What is a good assembly? Some assembly evaluation metrics:

- High N50 contig size (most commonly used metric)

contigs sorted by size

N50 contig size

assembled as

Only if a reference sequence is known!

original sequence

- Low number of assembly errors (sequence errors, structural misjoins)

Conclusions - Most assemblers use either the OLC or de Bruijn graph paradigm,

both lead to NP-hard assembly models.

- However, assembler performance is independent of the underlying paradigm and mainly depends on heuristics for repeat resolution and handling noise.

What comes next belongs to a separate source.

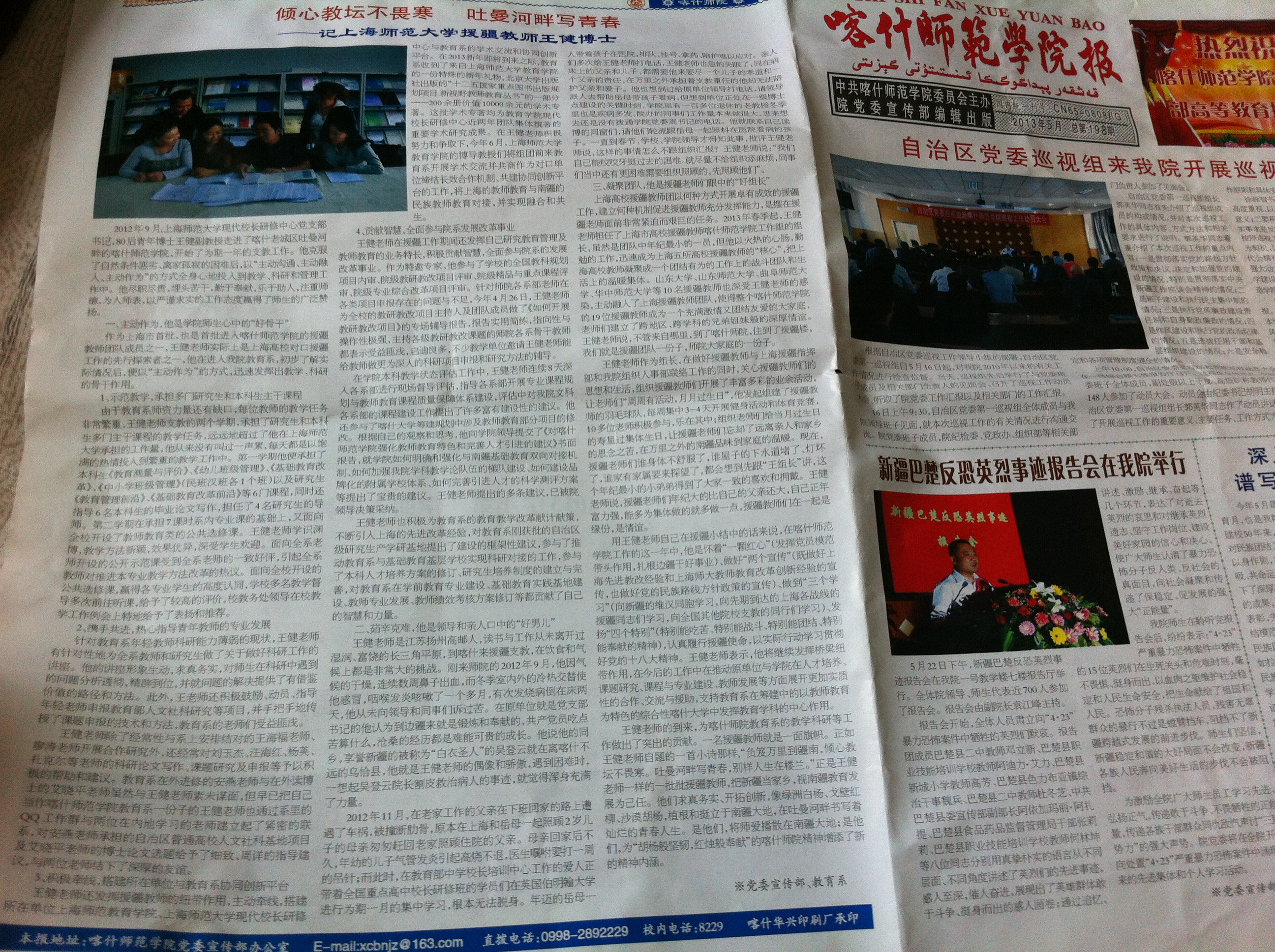 日前,作为从2012-2013年度在喀什师范学院援疆支教的28位内地高校教师中选出的唯一典型,2013年5月刊的《喀什师范学院报》第四版以“倾心教坛不畏寒、吐曼河畔写青春”为题,以整版的篇幅大幅宣传报道了我院选派的援疆支教教师王健副教授的事迹。

- How to measure assembly accuracy is another important aspect, in general tradeoff between assembly contiguity and correctness.

- Evaluations show that assembly is far from solved, assembler performance still quite inconsistent.

“For large genomes, the choice of assemblers is often limited to those that will run without crashing” (GAGE paper, 2012)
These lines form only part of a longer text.